Write out exactly the lines below starting at the one containing "Resort living at" and ending at the one containing "Клематис гибридный *Morning". Omit every picture.

■ Material provided ■
*** Block opens ***
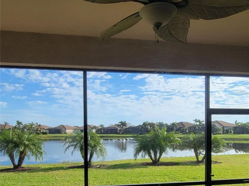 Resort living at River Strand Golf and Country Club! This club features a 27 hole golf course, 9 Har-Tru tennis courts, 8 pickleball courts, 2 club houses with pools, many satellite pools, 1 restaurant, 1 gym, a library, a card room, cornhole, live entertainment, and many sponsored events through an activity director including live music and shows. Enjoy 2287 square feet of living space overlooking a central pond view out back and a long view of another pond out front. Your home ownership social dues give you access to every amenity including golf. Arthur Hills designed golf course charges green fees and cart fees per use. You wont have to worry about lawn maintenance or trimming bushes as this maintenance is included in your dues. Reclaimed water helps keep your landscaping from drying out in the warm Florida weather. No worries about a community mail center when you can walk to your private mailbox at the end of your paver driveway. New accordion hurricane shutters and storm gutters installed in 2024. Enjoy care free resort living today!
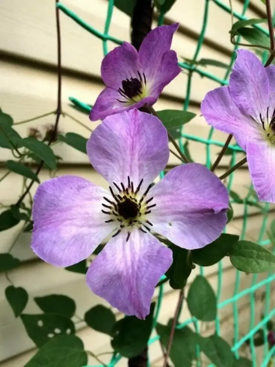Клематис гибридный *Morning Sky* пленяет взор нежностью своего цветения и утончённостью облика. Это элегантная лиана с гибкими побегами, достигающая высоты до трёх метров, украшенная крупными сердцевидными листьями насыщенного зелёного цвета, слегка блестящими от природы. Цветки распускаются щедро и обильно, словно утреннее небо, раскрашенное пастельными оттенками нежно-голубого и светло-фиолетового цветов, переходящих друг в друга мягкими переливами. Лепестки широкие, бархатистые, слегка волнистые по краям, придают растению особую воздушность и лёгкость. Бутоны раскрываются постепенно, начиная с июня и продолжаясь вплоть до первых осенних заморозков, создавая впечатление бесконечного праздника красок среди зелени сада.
*** Block closes ***
*** Block opens ***
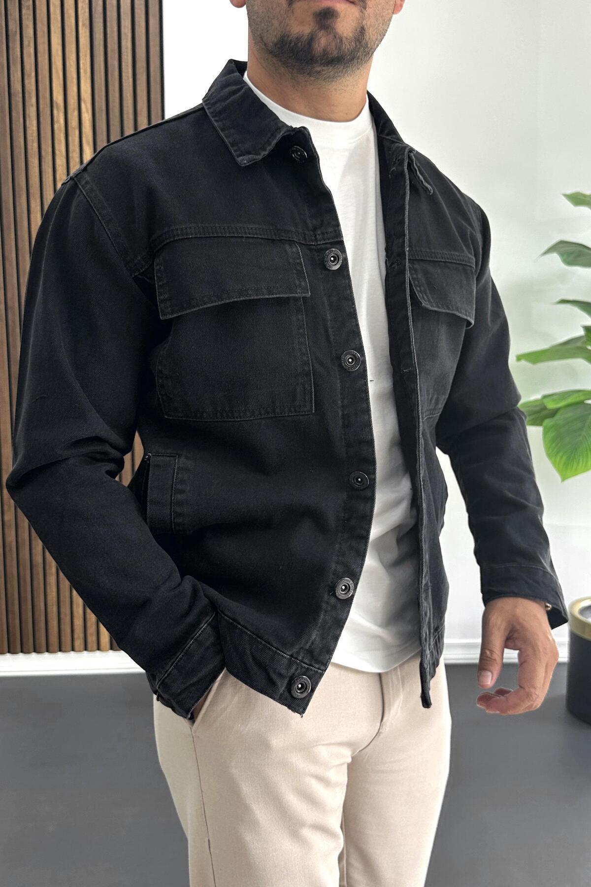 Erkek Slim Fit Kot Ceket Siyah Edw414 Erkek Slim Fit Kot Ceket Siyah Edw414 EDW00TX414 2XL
*** Block closes ***
■ Expected answer ■
 Resort living at River Strand Golf and Country Club! This club features a 27 hole golf course, 9 Har-Tru tennis courts, 8 pickleball courts, 2 club houses with pools, many satellite pools, 1 restaurant, 1 gym, a library, a card room, cornhole, live entertainment, and many sponsored events through an activity director including live music and shows. Enjoy 2287 square feet of living space overlooking a central pond view out back and a long view of another pond out front. Your home ownership social dues give you access to every amenity including golf. Arthur Hills designed golf course charges green fees and cart fees per use. You wont have to worry about lawn maintenance or trimming bushes as this maintenance is included in your dues. Reclaimed water helps keep your landscaping from drying out in the warm Florida weather. No worries about a community mail center when you can walk to your private mailbox at the end of your paver driveway. New accordion hurricane shutters and storm gutters installed in 2024. Enjoy care free resort living today!
Клематис гибридный *Morning Sky* пленяет взор нежностью своего цветения и утончённостью облика. Это элегантная лиана с гибкими побегами, достигающая высоты до трёх метров, украшенная крупными сердцевидными листьями насыщенного зелёного цвета, слегка блестящими от природы. Цветки распускаются щедро и обильно, словно утреннее небо, раскрашенное пастельными оттенками нежно-голубого и светло-фиолетового цветов, переходящих друг в друга мягкими переливами. Лепестки широкие, бархатистые, слегка волнистые по краям, придают растению особую воздушность и лёгкость. Бутоны раскрываются постепенно, начиная с июня и продолжаясь вплоть до первых осенних заморозков, создавая впечатление бесконечного праздника красок среди зелени сада.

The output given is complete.